Tuesday, January 29, 2008

Conforming loan limit increase, two steps away.

Rates for some long-term mortgages are at their lowest levels in four years, the Federal Reserve is expected to cut some short-term interest rates Wednesday and proposals in Congress may soon allow thousands of jumbo loan borrowers to qualify for loans with lower interest rates.
The industry has not seen demand for jumbo mortgage loans at these levels since 2003.

Should you refinance?
The answer depends on a variety of factors: your' current loan terms, how long they plan to stay in your home, how much equity you have, your credit scores and more. It's deeply important to sit down and understand how all the pieces play together.

Help for the jumbo loan client is on the way. Economic stimulus legislation approved Tuesday in the U.S. House of Representatives includes a provision that would temporarily allow government-sponsored mortgage finance companies Fannie Mae and Freddie Mac to increase the conforming loan limit up to $729,750. The new conforming loan limit change is being anxiously awaited by all market participants as it is seen as the best part of the stimulus package. People are not excited about a check for a few hundred dollars when the prospect of not being able to refinance is real for millions of prime borrowers in adjustable rates who have little to no equity. The new requirements at most banks is to have at least 10% equity at the time of purchase or refinance. The new conforming loan increase would allow up to 100% loan to value.

Traditionally, the gap between conforming and jumbo loan rates has been narrower. What the credit crunch has done is led to, effectively, a buyers' strike among investors that buy jumbo mortgages because they are not backed by an implied government guarantee like conforming loans. Until more investors opt to purchase bonds backed by jumbo loans, the wider-than-normal gap in rates will remain. The best rates are available within the 5 and 7Y fixed jumbo mortgage rate programs. Thirty year fixed money remains higher as investors don't have the appetite to lend large balance loans on a fixed basis in this environment. Investors believe rates should and could be higher in the future so they are offering ARMs.

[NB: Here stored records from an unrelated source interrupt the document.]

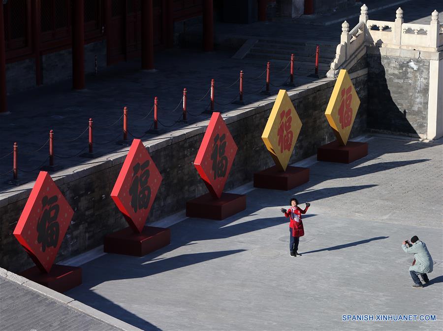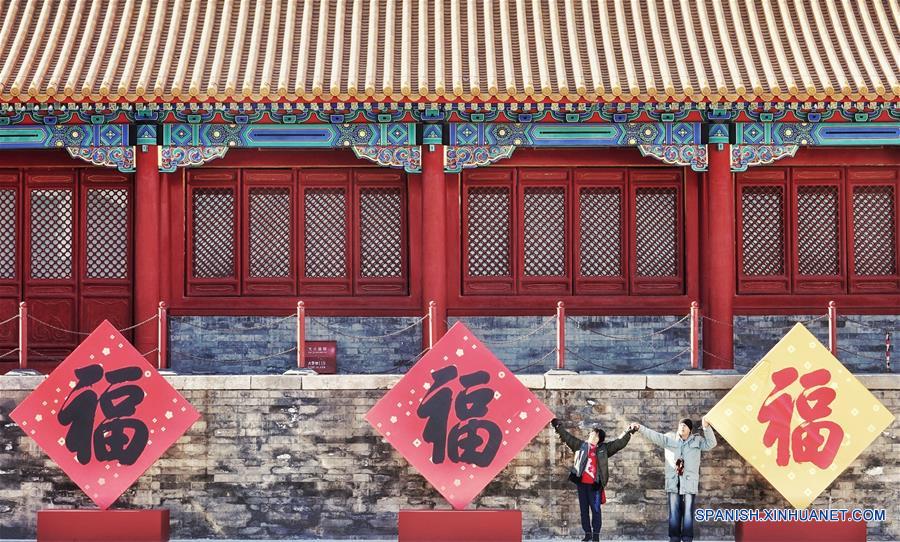 Visitantes posan con el carácter "Fu", que significa buena suerte, en el Museo del Palacio, también conocido como la Ciudad Prohibida, en Beijing, capital de China, el 8 de enero de 2019. El Museo del Palacio presenta la exposición "Celebrado el Festival de la Primavera en la Ciudad Prohibida" para saludar la más importante de todas las fiestas tradicionales. La exposición abrió el martes al público. Cientos de objetos son exhibidos en el museo. (Xinhua/Li Xin)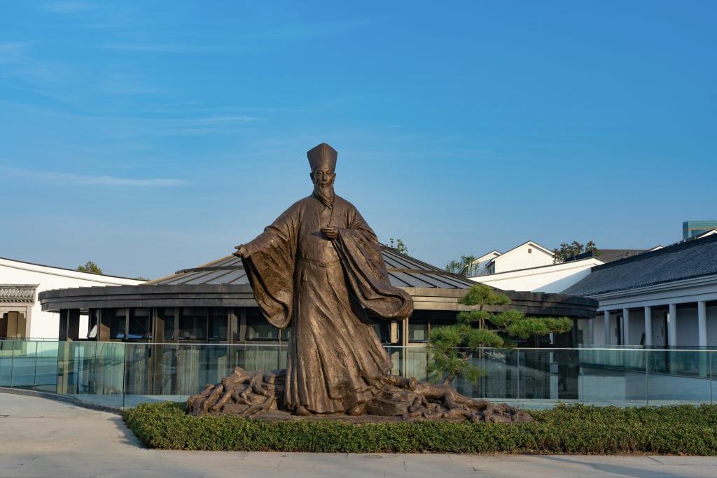 王陽明雕像位于王陽明紀念館前,高4.5米,由中央美術學院教授、中央美術學院理事會副理事長孫偉教授團隊創作。該尊雕像呈現的是王陽明先生講學的狀態,展現了陽明先生作為一代宗師的莊重內斂,又傳遞出其誨人不倦的親和氣質,完美呈現了這位心學大師“知行合一”的精神境界。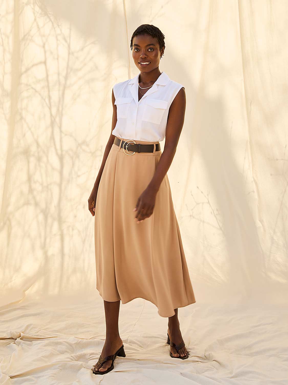 Go from day-to-play in this belted A-line satin skirt, an alluring option for when you want to look your best all day long.

Many banks don't offer any 30Y fixed as a result of the interest rate risk.

The short-term rate-cut the Federal Reserve was expected to announce Wednesday would not have any direct effect on long-term jumbo mortgage rates, although it will affect rates for things like home equity lines of credit and consumer credit cards. Nonetheless, news about Fed actions often prompts homeowners to take action. This is especially important if home values have been soft or falling in your area as equity is more important in a refinance than FICO score for most large balance scenarios.

If Congress makes that change, possibly by mid-February, banks and investors will be inundated with refi business, we have seen a dramatic increase in applications since the Bush gave his economic stimulus speech two weeks ago and the stock market tanked following MLK Jr day. There is a window that's going to be there; we don't know how long it's going to be there and are advising clients to lock at these levels. Don't get greedy by holding out for a rate that may never come as falling values create a situation where clients rates are substantially driven by their lack of equity. Get a package in place right now. I would not wait. Good candidates for refinancing: having equity in your home.

With property values declining in so many markets, the main thing to look for is whether the equity is there. Those who have at least 20 percent equity in their home - that is, their loan balances are equal to 80 percent or less of their home's market value - will have the easiest time refinancing. In areas that some lenders have designated as "soft" or "declining" markets, where home values are sliding, borrowers must have even higher levels of equity before lenders will approve a loan.

Also factoring into the "to refi or not to refi" conundrum this time around is whether borrowers measure up to the newly tightened underwriting guidelines. The most competitive rates are available to those customers with credit scores of 720 and substantial verified assets in bank/brokerage accounts. Borrowers these days also need to be prepared to provide proof of their income and assets, and sometimes tax returns.

Refinancing might not be advisable - or possible - for homeowners with impaired credit, or those who can't provide documentation of their income, or who have little equity and live in what can be determined as a declining market. It is far better to know your choices now than to procrastinate and find out that recent home prices and lending guidelines prevent you from refinancing your jumbo mortgage. Look for the Senate to vote and Bush to signoff by mid Feb.